Menurut sejarah, setidaknya ada lima alasan mengapa Revolusi Rusia sampai terjadi. Alasan tersebut antara lain:

  1. Pemerintahan Tsar Nicholass II dianggap reaksioner. Ia dianggap enggan melakukan pengakuan terhadap hak-hak politik warga negara dan ia yang mengizinkan dibentuknya sebuah daerah perwakilan rakyat Rusia yang dikenal dengan nama Duma. Sejarah mengatakan bahwa keberadaan Duma ini merupakan omong kosong dan hanya sandiwara. Pemilihan anggota Duma pun dipercaya hanya cerita fiktif dan anggota Duma yang terpilih sejatinya hanya mereka yang pro dan mendukung kebijaksanaan pemerintahan Tsar. Hasil rapat maupun rekomendasi Duma kepada Tsar bahkan tidak pernah dianggap ada.
  2. Susunan pemerintahan Tsar dianggap buruk, tidak disusun secara rasional. Tsar tidak menunjuk orang yang cakap dan profesional dalam bidangnya untuk mengisi jabatan pemerintahan. Ia hanya memilih orang-orang yang disukainya. Perilaku Tsar dikabarkan dipengaruhi oleh sang istri, Tsarrina Alexandra, yang mana sang istri pun dipengaruhi juga oleh seorang biarawan bernama Grigori Rasputin. Baik Alexandra maupun Rasputin merupakan orang-orang yang sangat tidak menyukai adanya hal baru.
  3. Perbedaan sosial semasa pemerintahan Tsar begitu mencolok. Tsar dan warga negara yang kaya hidup dalam kemewahan sementara rakyat mereka yang hanya berprofesi sebagai petani dan buruh hidup di bawah garis kemiskinan. Hak-hak pun hanya dimiliki kaum konglomerat. Perbudakan tak jarang terjadi dan menimpa mereka yang tidak mampu.
  4. Kebijakan agraria yang mengalami perubahan oleh Menteri Stolypin di tahun 1906 berujung pada keputusan perubahan tanah mir menjadi milik perseorangan anggota mir.
  5. Aliran-aliran yang menentang Tsar awalnya dapat ditindas namun tidak pernah habis. Mereka yang kontra terhadap pemerintahan Tsar melakukan gerakan bawah tanah sembari mengumpulkan kekuatan dan menunggu kesempatan.

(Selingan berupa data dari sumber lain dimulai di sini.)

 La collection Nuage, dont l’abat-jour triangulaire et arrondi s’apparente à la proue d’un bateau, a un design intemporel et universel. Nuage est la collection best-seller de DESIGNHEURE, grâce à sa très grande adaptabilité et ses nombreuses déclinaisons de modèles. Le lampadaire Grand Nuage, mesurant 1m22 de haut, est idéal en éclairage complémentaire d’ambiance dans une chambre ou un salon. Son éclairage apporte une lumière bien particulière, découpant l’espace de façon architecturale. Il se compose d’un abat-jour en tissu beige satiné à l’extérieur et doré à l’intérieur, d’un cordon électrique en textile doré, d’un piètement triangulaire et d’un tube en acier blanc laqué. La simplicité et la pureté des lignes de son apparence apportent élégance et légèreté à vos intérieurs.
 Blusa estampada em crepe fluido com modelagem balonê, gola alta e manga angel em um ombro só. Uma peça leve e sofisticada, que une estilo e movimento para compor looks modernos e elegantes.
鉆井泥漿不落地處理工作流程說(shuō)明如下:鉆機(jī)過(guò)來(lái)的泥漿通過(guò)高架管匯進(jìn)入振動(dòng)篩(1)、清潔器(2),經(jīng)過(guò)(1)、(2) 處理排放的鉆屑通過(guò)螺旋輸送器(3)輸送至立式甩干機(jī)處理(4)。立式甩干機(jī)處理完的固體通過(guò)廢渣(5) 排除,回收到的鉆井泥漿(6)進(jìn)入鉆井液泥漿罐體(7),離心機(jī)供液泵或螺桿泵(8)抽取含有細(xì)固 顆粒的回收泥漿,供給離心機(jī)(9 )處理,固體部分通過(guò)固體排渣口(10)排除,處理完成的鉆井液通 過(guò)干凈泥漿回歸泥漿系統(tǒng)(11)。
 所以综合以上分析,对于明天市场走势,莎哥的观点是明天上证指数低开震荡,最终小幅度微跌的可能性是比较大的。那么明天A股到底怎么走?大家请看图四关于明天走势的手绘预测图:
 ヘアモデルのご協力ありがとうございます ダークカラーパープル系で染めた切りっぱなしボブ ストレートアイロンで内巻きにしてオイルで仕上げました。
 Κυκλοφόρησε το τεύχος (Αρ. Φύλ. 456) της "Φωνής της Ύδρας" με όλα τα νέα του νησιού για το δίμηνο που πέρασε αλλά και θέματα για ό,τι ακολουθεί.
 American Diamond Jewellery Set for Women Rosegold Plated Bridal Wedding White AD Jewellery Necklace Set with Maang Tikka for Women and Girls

Dengan terjadinya Revolusi Rusia ini bisa dipastikan ada dampak dan akibat yang timbul. Akibat-akibat tersebut mengenai beberapa bidang dalam kehidupan negara Rusia kala itu, di antaranya:

  1. Di bidang pemerintahan, pemerintahan Tsar akhirnya dihapuskan dan Rusia menjadi negara serikat dengan bentuk Republik dan Moscow dijadikan ibu kota.
  2. Di bidang ekonomi, pertanian dan peindustrian, kantor, pabrik, bank, dan fasilitas umum menjad dinasionalisasikan.
  3. Di bidang ideologi, kemenangan kaum Bolshewiki menjadikan paham komunisme menyebar hingga ke seluruh dunia.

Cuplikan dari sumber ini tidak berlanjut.